If a laser is carefully dissected, there are a total of three steps required for energy to go through from the input instrument to the output laser. Electric energy enters the seed light source generated by the instrument excitation, passes through specific laser crystals and optical crystals, and "runs back and forth" in the resonant cavity to form resonance, ultimately producing various types of lasers with different functions. The miniaturization, integration, and functionalization of lasers are one of the core directions for the development of future laser technology, but traditional optical crystals are difficult to efficiently produce lasers within a limited thickness. Aiming at the goal of preparing thinner optical crystals, Wang Enge, an academician of the CAS Member, together with Liu Kaihui, led the team to tackle key problems for more than 10 years.
Their raw materials are lighter than others, and the relative molecular weight of light elements such as boron, carbon, and nitrogen is relatively small. After repeated combination attempts, lightweight boron nitride has become the most preferred. The single-layer thickness of the rhombic boron nitride material prepared with it is 0.34 nanometers, which is only one hundred thousandth of the diameter of an ordinary human hair. However, some of its properties can be comparable to traditional centimeter level optical crystal materials.

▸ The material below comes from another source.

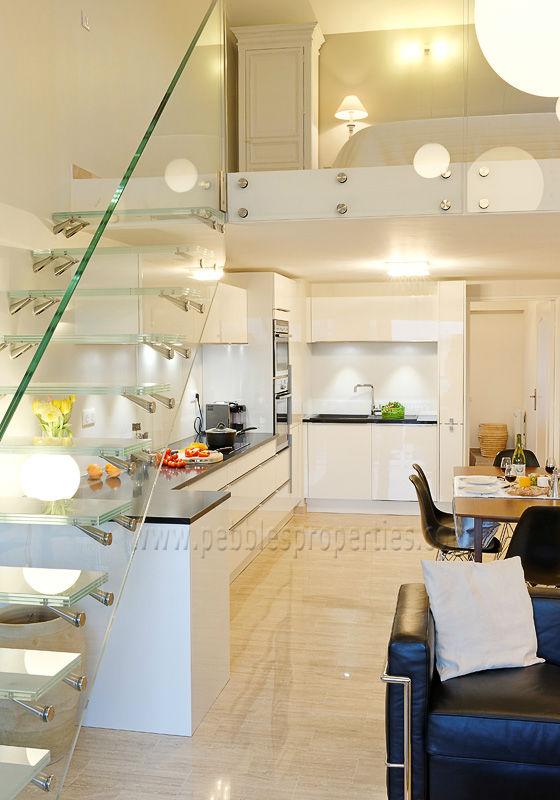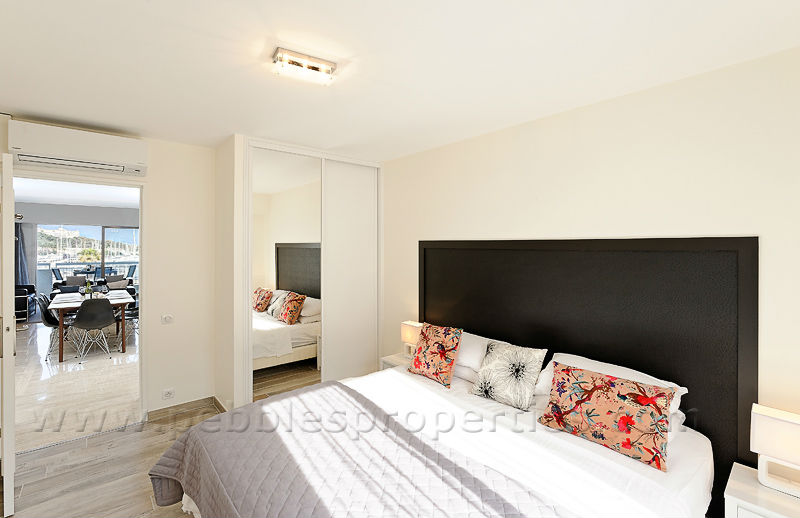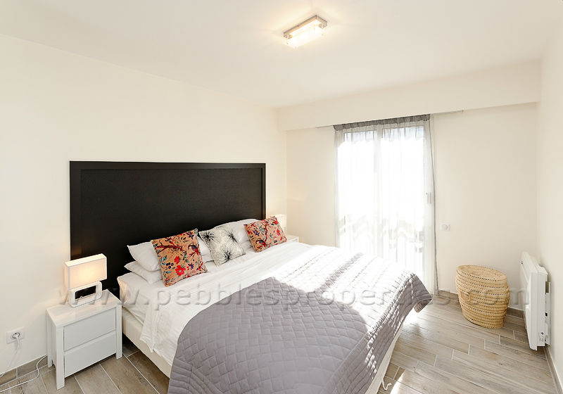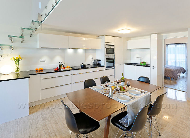 The sleek and contemporary open-plan kitchen is spacious and well-equipped and also comes with a beautiful view of le Fort Carré in the distance. There is a four-ring ceramic hob, oven, microwave, fridge freezer, dishwasher and a washing machine.

However, single-layer boron nitride molecules cannot be used as optical crystals for laser manufacturing. "We need to make it grow and thicken in a specific direction," said Liu Kaihui. However, experiments have found that if layers of boron nitride molecules are simply stacked like building blocks, the laser will have "inconsistent steps" when passing through, resulting in phase mismatch, which leads to the inability of the laser to output successfully and efficiently.
In the traditional crystal research system, the emergence of this phenomenon almost declares the failure of this material, and can only be replaced with new materials for re development. But the R&D team did not give up on this. Through complex theoretical derivation, they discovered a new crystal design method - when each rhombic boron nitride material is rotated at a specific angle like a Rubik's cube, the stacked optical crystals can reduce the energy "internal friction" of the laser passing through and efficiently produce the required laser.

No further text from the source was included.